Effect of resonant tunneling modulation on ZnO/In2O3 heterojunction nanocomposite in efficient detection of NO2 gas at room temperature

Abstract

The unique multiple barrier characteristics of heterojunctions significantly change the electrical and optical properties of semiconductor composites, and also affect the temperature and response rate of gas-sensitive detection. In this paper, the as-obtained ZnO/In2O3 nanocomposites achieve rapid detection of ppb-level NO2 gas at room temperature through resonance tunneling modulation. The ZnO nanosheets loaded with In2O3 nanoparticles are successfully prepared using ultrasonic chemical reaction and high temperature annealing method.

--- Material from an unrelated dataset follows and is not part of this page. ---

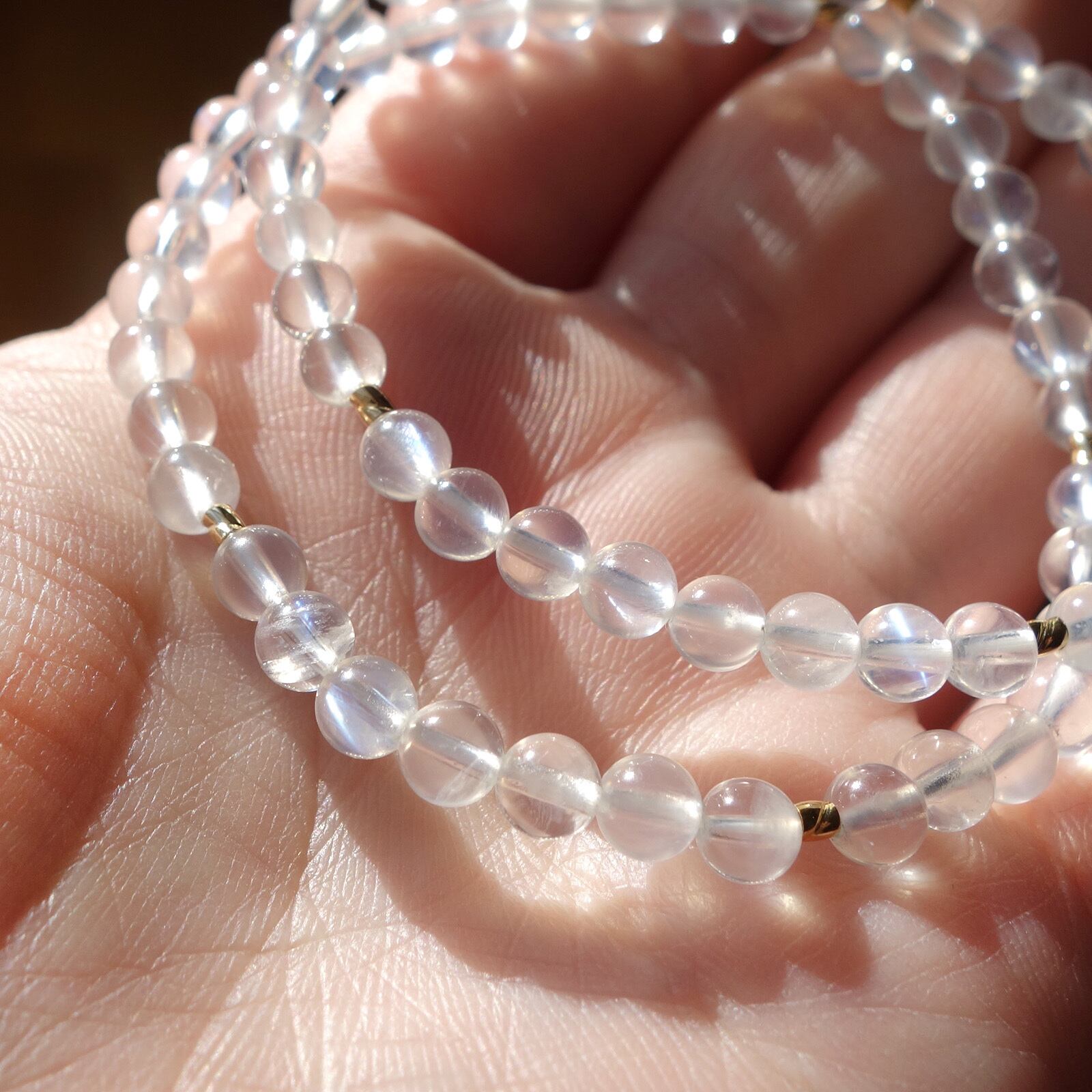このブレスレットに使用しているムーンストーンは、一般的なムーンストーンが持つヴェールのような柔らかい光とは対照的に、スポットライトのような光り方をしています。

The crystal structure analysis shows the unique heterostructure of In-O-Zn is formed between the (104) plane of In2O3 nanoparticles and the (002) plane of ZnO nanosheets. The gas-sensitivity study shows that the ZnO/In2O3 heterojunctions have good selectivity and low detection limit to NO2 gas at room temperature when exposed to a laser. When the NO2 gas concentration is 10 ppm, the response and recovery times are 61 s and 39 s, respectively. The mechanism analysis shows that the laser irradiation causes the carrier resonance tunneling transport, achieving the highly sensitive detection of NO2 gas at room temperature. The resonance tunneling modulation process of composite heterojunctions has the characteristics of fast response and recovery speed. Thus the as-obtained ZnO/In2O3 heterojunctions is an ideal material for gas detection at room temperature.